Recorded data:
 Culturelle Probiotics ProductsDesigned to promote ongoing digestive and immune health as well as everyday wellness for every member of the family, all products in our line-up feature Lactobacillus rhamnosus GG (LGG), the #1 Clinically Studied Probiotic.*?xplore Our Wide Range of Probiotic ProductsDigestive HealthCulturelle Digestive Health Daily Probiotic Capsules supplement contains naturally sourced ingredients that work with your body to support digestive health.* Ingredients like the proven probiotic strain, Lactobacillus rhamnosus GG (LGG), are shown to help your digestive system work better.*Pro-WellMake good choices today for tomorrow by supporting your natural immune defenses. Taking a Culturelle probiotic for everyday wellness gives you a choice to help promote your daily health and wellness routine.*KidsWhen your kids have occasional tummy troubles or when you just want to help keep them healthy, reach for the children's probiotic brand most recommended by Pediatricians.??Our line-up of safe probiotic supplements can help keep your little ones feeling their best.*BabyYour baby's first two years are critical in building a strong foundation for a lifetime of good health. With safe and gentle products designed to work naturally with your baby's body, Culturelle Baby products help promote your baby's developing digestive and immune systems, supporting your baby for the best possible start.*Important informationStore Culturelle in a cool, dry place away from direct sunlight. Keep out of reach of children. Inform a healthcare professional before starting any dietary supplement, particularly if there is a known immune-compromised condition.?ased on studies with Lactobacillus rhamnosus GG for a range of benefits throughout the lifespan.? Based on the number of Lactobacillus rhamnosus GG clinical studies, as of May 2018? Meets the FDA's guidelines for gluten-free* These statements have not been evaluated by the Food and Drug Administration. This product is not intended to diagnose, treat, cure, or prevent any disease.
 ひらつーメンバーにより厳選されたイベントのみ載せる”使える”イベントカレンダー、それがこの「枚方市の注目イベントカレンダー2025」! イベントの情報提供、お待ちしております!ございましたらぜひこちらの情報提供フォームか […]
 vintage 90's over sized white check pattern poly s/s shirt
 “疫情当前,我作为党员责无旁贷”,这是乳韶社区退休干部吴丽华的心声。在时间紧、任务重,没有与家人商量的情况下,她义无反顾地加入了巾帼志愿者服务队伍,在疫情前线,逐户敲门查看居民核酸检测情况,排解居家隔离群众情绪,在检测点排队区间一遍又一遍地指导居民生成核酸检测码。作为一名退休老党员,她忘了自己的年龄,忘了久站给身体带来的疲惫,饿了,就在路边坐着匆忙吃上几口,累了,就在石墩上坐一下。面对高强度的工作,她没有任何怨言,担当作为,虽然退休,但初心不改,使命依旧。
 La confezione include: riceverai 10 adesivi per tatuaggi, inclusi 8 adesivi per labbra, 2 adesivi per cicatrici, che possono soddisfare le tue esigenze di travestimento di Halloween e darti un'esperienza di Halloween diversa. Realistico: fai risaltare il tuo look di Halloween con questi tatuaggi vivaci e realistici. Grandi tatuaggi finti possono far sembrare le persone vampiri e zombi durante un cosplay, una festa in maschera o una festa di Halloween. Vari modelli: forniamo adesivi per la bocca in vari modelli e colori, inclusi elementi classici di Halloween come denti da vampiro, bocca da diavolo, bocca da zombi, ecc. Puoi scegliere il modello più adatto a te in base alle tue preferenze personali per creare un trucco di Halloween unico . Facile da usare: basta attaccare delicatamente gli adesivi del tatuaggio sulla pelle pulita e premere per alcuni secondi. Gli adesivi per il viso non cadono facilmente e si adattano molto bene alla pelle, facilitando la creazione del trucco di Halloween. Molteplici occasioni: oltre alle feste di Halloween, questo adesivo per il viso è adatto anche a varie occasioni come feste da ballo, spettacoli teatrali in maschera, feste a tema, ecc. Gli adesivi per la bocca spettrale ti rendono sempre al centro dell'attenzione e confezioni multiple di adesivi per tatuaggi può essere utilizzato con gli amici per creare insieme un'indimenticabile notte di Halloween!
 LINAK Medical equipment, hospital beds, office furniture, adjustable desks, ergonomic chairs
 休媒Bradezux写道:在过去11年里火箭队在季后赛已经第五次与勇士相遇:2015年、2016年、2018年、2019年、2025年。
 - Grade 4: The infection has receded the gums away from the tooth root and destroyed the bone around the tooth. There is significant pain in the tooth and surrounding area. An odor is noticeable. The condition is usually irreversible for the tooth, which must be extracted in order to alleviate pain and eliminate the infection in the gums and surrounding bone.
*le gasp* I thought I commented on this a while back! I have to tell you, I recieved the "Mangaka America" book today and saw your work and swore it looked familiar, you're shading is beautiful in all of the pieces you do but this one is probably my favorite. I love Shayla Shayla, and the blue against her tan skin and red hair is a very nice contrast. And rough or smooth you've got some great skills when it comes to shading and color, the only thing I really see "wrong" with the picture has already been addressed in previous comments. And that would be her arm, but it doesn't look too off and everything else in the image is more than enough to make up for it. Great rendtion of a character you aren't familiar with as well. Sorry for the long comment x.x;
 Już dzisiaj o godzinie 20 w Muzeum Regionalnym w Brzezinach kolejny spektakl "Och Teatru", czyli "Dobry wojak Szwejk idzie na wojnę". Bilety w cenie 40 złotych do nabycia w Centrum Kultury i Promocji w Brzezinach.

● **Task description**
Write down, word for word, the lines above from the one containing "LINAK Medical equipment, hospital" through the one containing "休媒Bradezux写道:在", both ends included.

● **Solution for this exercise**
 LINAK Medical equipment, hospital beds, office furniture, adjustable desks, ergonomic chairs
 休媒Bradezux写道:在过去11年里火箭队在季后赛已经第五次与勇士相遇:2015年、2016年、2018年、2019年、2025年。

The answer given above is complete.